== INFORMATION SHOWN

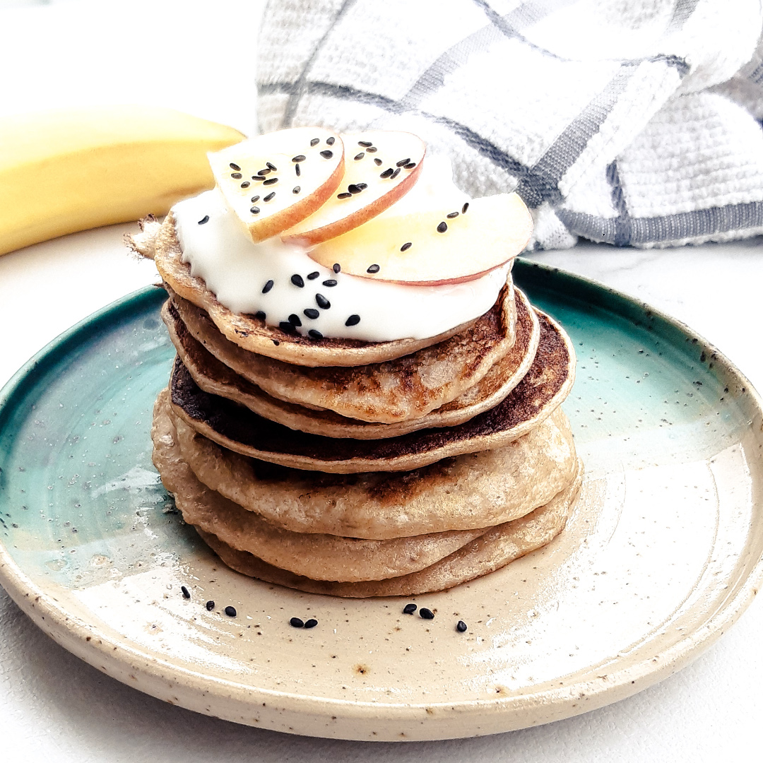 Ces pancakes vegan à la banane peuvent aussi être réalisé avec des flocons d’avoine ou de quinoa à la place de la farine, afin de réduire l’index glycémique.
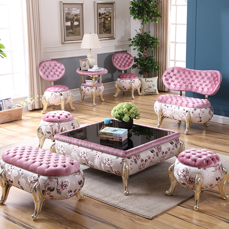 Three-piece double backrest chair shoe changing stool pumpkin stool pumpkin stool single buckle coffee table corner eight-piece set
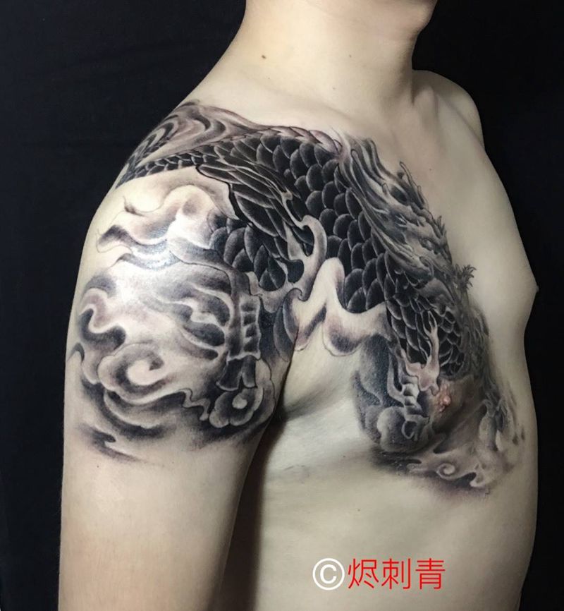 当前位置: 首页 >甘肃省酒泉市纹身店-烬刺青工作室纹身图案>麒麟纹身图片_成品胸部肩部传统鬼神动物图腾纹身图案
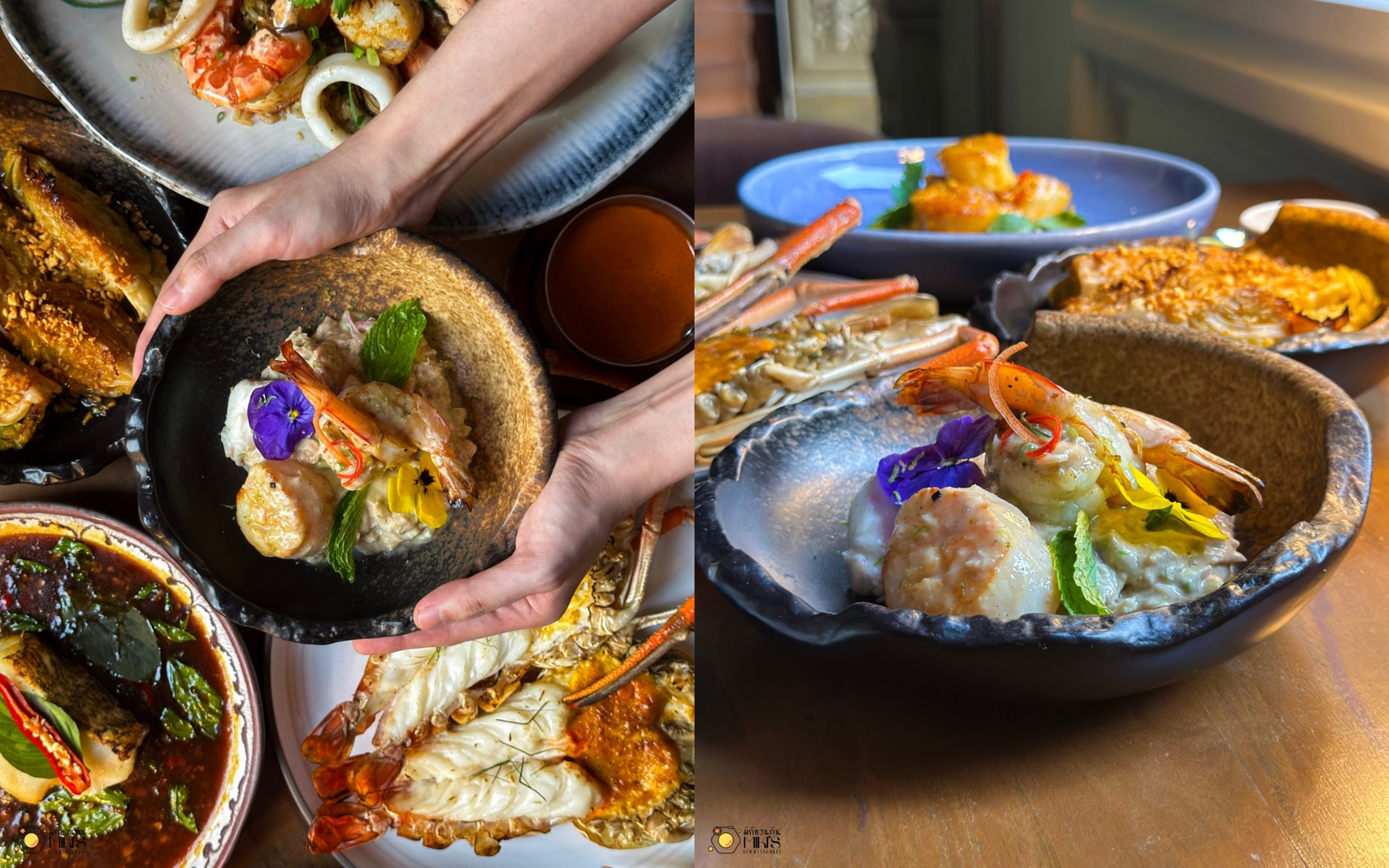 Yum Talay Tom Ka Haeng (580) ยำทะเลรวมมิตรที่นำรสชาติของ ต้มข่า มาทำแบบแห้ง ตัวซอสกะทิมีความหอมมันและเข้มข้น หอมสมุนไพรแบบถึงเครื่อง
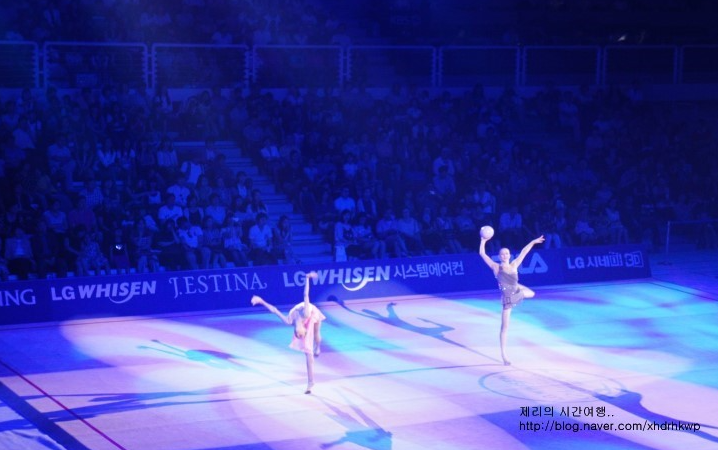 리듬체조 경기가 있었을때 이런 모습이었다고 하는데, 배치를 저렇게 하면 더 아래까지 좌석이 내려오는가 보네요.

====

EXERCISE INSTRUCTIONS:
Extract every line of the data exactly; pictures stay out.

ANSWER SPACE:
 Ces pancakes vegan à la banane peuvent aussi être réalisé avec des flocons d’avoine ou de quinoa à la place de la farine, afin de réduire l’index glycémique.
 Three-piece double backrest chair shoe changing stool pumpkin stool pumpkin stool single buckle coffee table corner eight-piece set
 当前位置: 首页 >甘肃省酒泉市纹身店-烬刺青工作室纹身图案>麒麟纹身图片_成品胸部肩部传统鬼神动物图腾纹身图案
 Yum Talay Tom Ka Haeng (580) ยำทะเลรวมมิตรที่นำรสชาติของ ต้มข่า มาทำแบบแห้ง ตัวซอสกะทิมีความหอมมันและเข้มข้น หอมสมุนไพรแบบถึงเครื่อง
 리듬체조 경기가 있었을때 이런 모습이었다고 하는데, 배치를 저렇게 하면 더 아래까지 좌석이 내려오는가 보네요.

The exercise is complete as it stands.